DRL-based low Latency control for Endoscopic operations

Published: 25 Sept 2024, Last Modified: 05 Nov 2024IEEE BHI'24EveryoneRevisionsBibTeXCC BY 4.0
Keywords: Deep reinforcement learning, Assistive Control, Augmented reality, minimally invasive surgery, endoscopy, Simulation.
TL;DR: Endoscope Head motion control with DRL adaptive low latency stream approach
Abstract: Minimally invasive surgery has seen significant advancements with the introduction of robotic systems, which are highly desirable due to their ability to enhance treatment scalability and precision. This study aims to develop an effective and intelligent system for controlling and streaming the endoscope camera during endoscopic operations. The proposed system leverages head motion data from the HoloLens inertial measurement unit (IMU) to control the endoscope camera’s robotic arm.

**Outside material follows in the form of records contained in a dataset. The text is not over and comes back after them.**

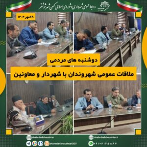 در این دیدار مردمی، جمعی از شهروندان ضمن طرح مسائل، مشکلات و درخواستهای خود در حوزههای مختلف خدمات شهری، عمرانی، فنی و اجتماعی، پاسخها و راهنماییهای لازم را از شهردار و معاونین مربوطه دریافت کردند.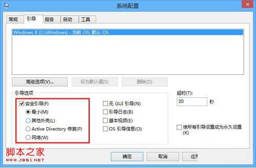 回到系统配置的“引导”窗口,大家可能还发现了“安全引导”的选项,其实这就是Win8的安全模式启动方式。其中“最小”是标准的安全模式,“网络”是允许网络连接的安全模式,而“其他外壳”是带命令提示符的安全模式。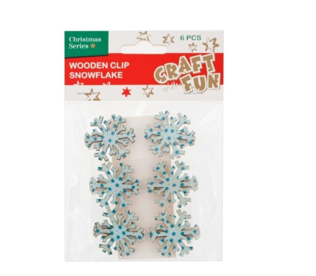 Ozdoba dek drewniane klamerki płatki śniegu 6szt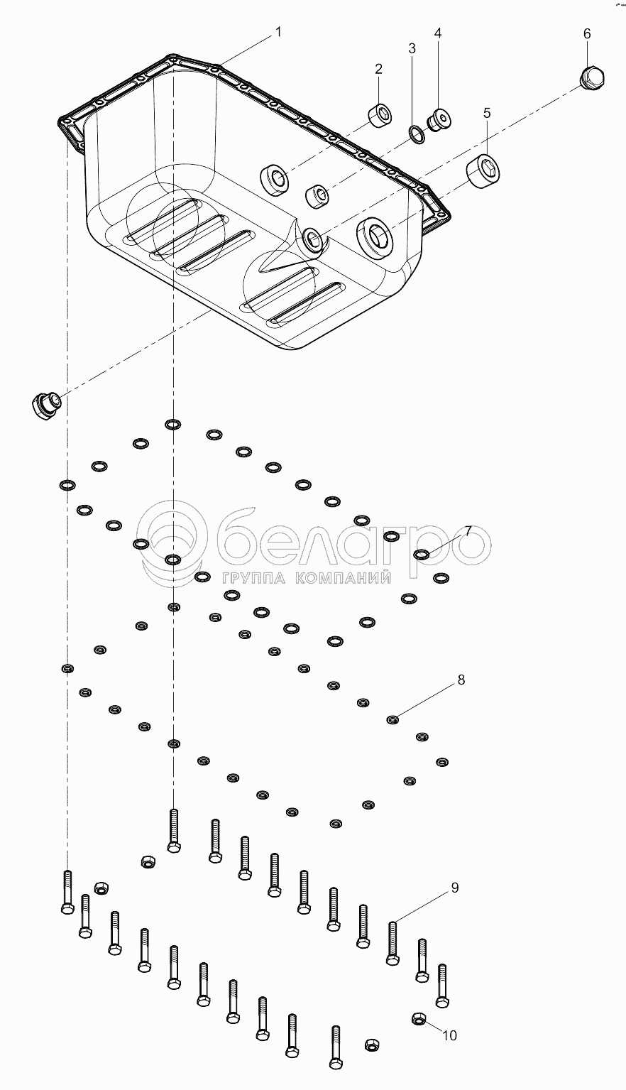 Каталог запасных частей к технике: Weichai 4M06G22. Oil Pan Group

Additionally, a Deep Reinforcement Learning (DRL) technique is employed to manage the region of interest adaptively (ROI), thereby mitigating wireless channel impairments in the operating room and improving the surgeon’s interaction and quality of experience (QoE). We developed a proof-of-concept by interfacing the HoloLens with the Gazebo simulation environment for robotic arm control. The DRL model demonstrated its efficacy by intelligently reducing the communication delay and enhancing image quality by incorporating machine learning techniques. Specifically, the DRL model reduced delay by 12.56% and increased image quality by 26.6%. Furthermore, a fixed-frame technique resulted in an additional delay reduction of 18%. The successful establishment of the proof-of-concept and the comprehensive analysis of the findings underscore the potential impact of our contribution to advancing intelligent, efficient, and easily controllable endoscopic surgical procedures.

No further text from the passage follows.